How many clients are unprofitable?
Wealthify, a multiple-award-winning robo-investing service, surveyed more than 515 financial advisers to find out how many serviced clients who were not commercially viable. The numbers were staggering. Only 9% of all financial advisers asked believed they didn’t have any unprofitable clients on their books, while 6% said they currently had 100 or more. The majority (74%) held between 1 and 50 non-commercially viable clients.

The simple fact is that every unprofitable client costs a financial adviser in both time and money. But understanding the limit a client needs to reach to become profitable can be tricky.
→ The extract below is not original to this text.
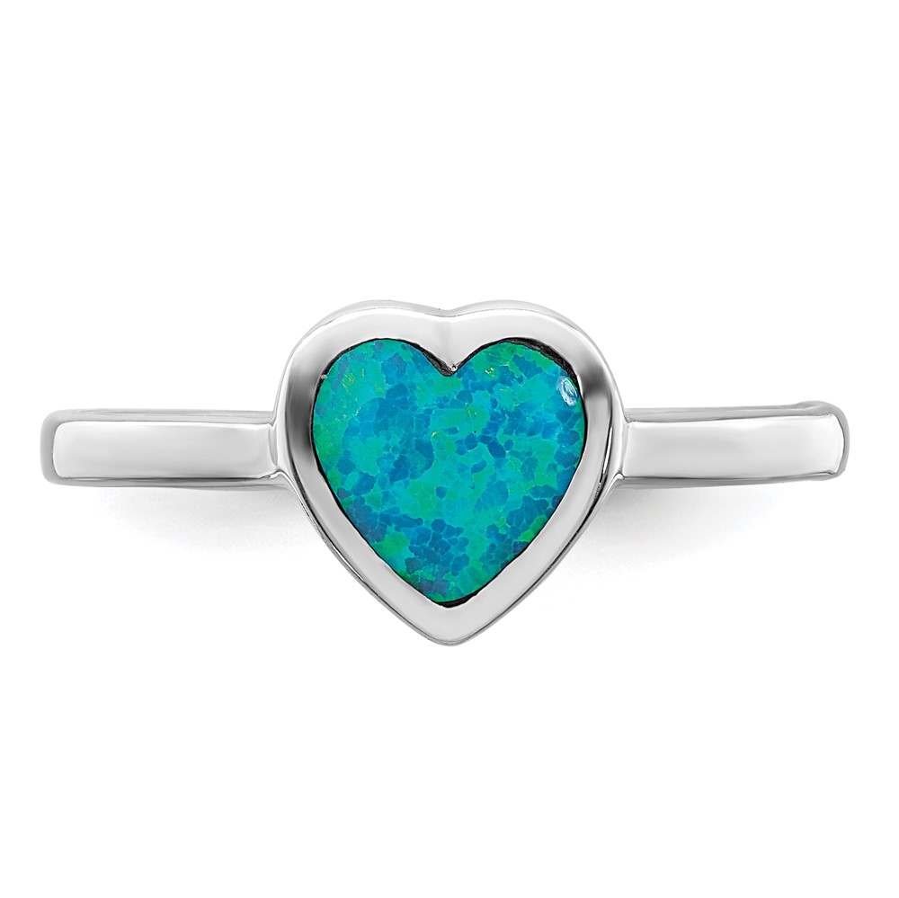 Sterling Silver Rhodium-plated Polished Heart Synthetic Opal Ring (QR6316-6)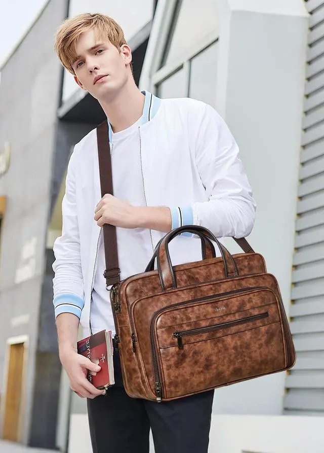 HIGH END MATERIALThis Messenger Bag for Men is crafted from water-resistant,wrinkle-resistant and scratch-resistant premium vegan leather made,which is sturdy and soft texture offer great feeling can stand up everyday use,easily cope with a variety of scenarios such as daily splashes and light rain.Smooth metal zip for durability and strong,reinforced stitching won't easy to crack can be used for a long time.Professional Briefcase designed for the Business Men&Women who chasing practicali

Research carried out by SimplyBiz, a leading provider of compliance support and business consultancy to financial services, looked into how much a client needs to have managed for them to be profitable using average figures from data across their members provided some interesting findings.

According to SimplyBiz data, onboarding typically takes 11.5 hours which, if charged at the average rate of £150 per hour, means that this piece of work should cost £1,716. This means if you charge a 3% fee, your client needs to have at least £57,200. SimplyBiz also found that ongoing work typically takes just shy of six hours a year, meaning financial advisers would need to charge at least £858 per annum to cover costs. Assuming the financial adviser is applying an average competitive rate of 0.75%, the client would need at least £114,400 invested to be profitable. 
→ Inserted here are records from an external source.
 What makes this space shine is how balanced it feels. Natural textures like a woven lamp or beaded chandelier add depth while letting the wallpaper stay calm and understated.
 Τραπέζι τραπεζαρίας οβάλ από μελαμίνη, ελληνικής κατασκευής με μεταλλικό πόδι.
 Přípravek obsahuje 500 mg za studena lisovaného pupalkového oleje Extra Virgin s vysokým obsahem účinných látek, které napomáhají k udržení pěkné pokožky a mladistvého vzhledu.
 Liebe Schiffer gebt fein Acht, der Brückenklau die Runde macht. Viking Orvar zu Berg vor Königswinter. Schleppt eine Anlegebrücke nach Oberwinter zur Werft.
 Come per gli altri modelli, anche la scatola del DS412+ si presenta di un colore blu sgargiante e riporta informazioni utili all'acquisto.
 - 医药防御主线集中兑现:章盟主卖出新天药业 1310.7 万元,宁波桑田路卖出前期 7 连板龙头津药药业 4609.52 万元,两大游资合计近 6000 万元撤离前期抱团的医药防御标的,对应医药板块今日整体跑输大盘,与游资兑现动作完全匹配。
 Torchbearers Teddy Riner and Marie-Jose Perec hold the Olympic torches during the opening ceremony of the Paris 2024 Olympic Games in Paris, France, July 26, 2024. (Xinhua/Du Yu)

Based on these numbers, many smaller value clients fall into the non-commercially viable category. While keeping them on the books to assist with intergenerational wealth transfer may be appealing, without effective management to help them reach the profitability baseline, they can quickly become additional admin work that eats into profits.

Leaning into FinTech for smaller clients
Instead of seeing Fintech as a competitor, traditional financial providers could look at how to use products such as robo-investing to reduce their workload and make their offering more relevant and competitive in this evolving market. As technology progresses, people are placing greater importance on having a multi-channel service. That means not simply placating them with an annual face-to-face meeting and a telephone number, but also offering best-inclass digital solutions.
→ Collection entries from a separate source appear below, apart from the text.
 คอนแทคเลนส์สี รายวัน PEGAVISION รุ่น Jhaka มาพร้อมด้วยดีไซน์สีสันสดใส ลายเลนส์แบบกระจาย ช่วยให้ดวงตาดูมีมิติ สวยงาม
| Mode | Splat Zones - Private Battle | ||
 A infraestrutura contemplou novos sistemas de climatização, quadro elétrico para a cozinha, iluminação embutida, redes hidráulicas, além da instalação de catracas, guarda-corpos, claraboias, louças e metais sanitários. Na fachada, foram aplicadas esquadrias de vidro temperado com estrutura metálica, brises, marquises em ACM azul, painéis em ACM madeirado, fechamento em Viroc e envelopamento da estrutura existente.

However, for many financial advisers, traditional banks and building societies, these solutions can be expensive to develop and timeconsuming to implement. Embracing opportunity and technology doesn’t need to be a costly endeavour, and it should be open to financial services of all sizes.

Introducing Wealthify as a service
Why go head to head against FinTech when you could work with them to bolster your service and lessen your workload? Multi-award-winning online investment provider, Wealthify, has created a white label solution that allows financial advisers, traditional banks, building societies, and other financial service providers to enter this market quickly, and at no cost.

Understanding that the biggest obstacle for many businesses to digital adaptation is cost and expertise, Wealthify as a Service can be provided to a business for free or even as an additional revenue stream. This means that businesses can have access to a tried and tested service used by thousands of customers without having to increase their spend on research and development.

By working with Wealthify in this way, it could open the door for attracting digitally savvy clients, while boosting brand presence by using a white labelled or co-branded solution. This potential not only makes it easier to build up a pipeline of smaller, prospective clients who are not yet profitable, but could be an important instrument in engaging the next generations.